Turnberg, 18, designed and crafted her own prom dress and recently entered another dress in a gown competition, with encouragement and support from Ryles.

But Savannah McAlpin, another recent graduate who first had a class with Ryles as a sophomore, had a rocky start. "She thought I was a devil-child," McAlpin said.

"I was on [Savannah] like a bad rash," said Ryles, who said she never had discipline problems and has only sent two students to the principal's office in her career. "She was always skipping [class] or late or something."

"I've had her three times and each time we've gotten closer," said McAlpin, who also said she's since matured and just earned an "A" in Ryles' class.

Students boast of Ryles' generosity, candor and how she keeps her classes lively and interesting.

"She taught us how to take care of ourselves, not that my wife would agree," said David Covey, 56, with a laugh. Covey took bachelor homemaking with Ryles where "all the baseball and football players learned how to sew buttons on."
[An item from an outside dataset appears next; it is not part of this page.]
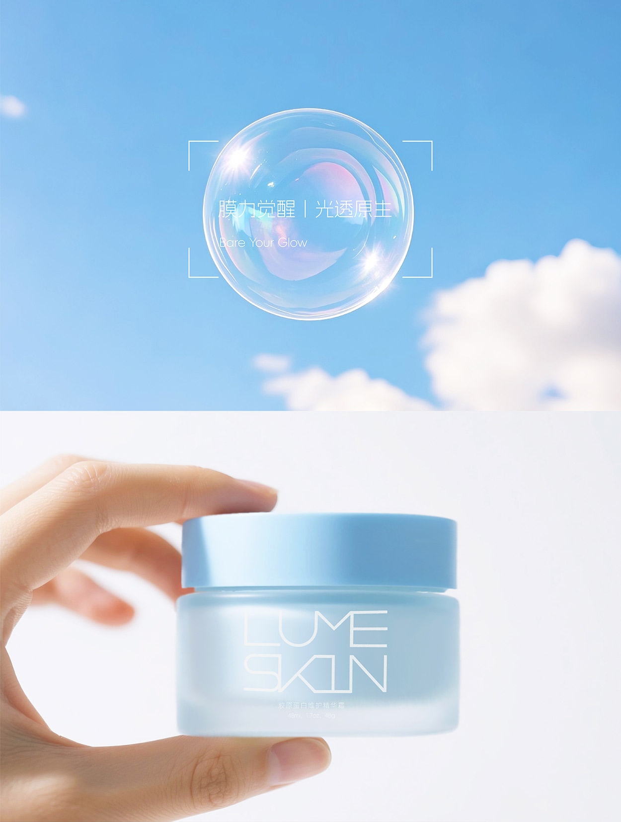 “LUME”源于拉丁文“Lumen”,意為“光”。品牌名直指核心——光感肌膚。· 膜力覺醒: 強(qiáng)調(diào)產(chǎn)品中“膜”的科學(xué)性與卓越功效(如精華膜、保護(hù)膜),能激活肌膚潛能,是一場技術(shù)的“覺醒”。

Ryles kept an open-door policy with her students, spending lunch periods talking students through their problems. "You could go to her and let it all out," said Britney Cyprian, 24, Seattle, who would go to Ryles when she and her boyfriend, at the time, were fighting. "That's what makes her special."

Almost became a nurse

Originally from Wenatchee, Ryles graduated from the University of Washington with a degree in education in 1965 after changing her major from nursing during her senior year.

"I was always [deciding] between being a nurse or a teacher," said Ryles, whose mother was a registered nurse and her father a career educator.

"I'm glad I wasn't a nurse because if I had lost a patient it would have killed me."

She was assigned to Roosevelt a few months after graduating, but didn't want to go.

"I didn't even want to come here," she said. "I pleaded with the personnel to switch me."

Ryles was concerned about the rumors she heard like "how stuffy" the school was.

"The teachers didn't talk to me for the first six months I was there," Ryles recalled.

But things turned around after a fellow teacher realized that her childhood crush was Ryles' father. After that, she was welcomed into the faculty.

And she's been a student — and teacher — favorite since.

"She is the glue to the fabric in that department," said Elnora Hookfin, a vice principal at Roosevelt who has known Ryles for 38 years. "I don't know what we are going to do without her."

Ryles also has taught science, English, math, food and nutrition, child development, home furnishings, independent living, and apparel and textiles, her most popular class, where students learn to stretch their clothing budget by designing and sewing their own clothes.

Robin Ogburn, who teaches independent living and child development at Roosevelt, is a former student of Ryles' and will take over the apparel and textiles class next school year.

"The last time I took sewing was 40 years ago from [Ryles]," said Ogburn, who plans on recruiting parent volunteers to help out with the class. "I'm going to try to uphold her legacy, but it's going to be hard."

She'll have help from Ryles, who said she plans to come back and help out as a volunteer.

"I'm amazed at her energy," said Marilyn Sizer, a language-arts teacher, who is also retiring this year after working at Roosevelt for the past 15 years.

"I'm surprised she's retiring, but I suppose it had to come sometime."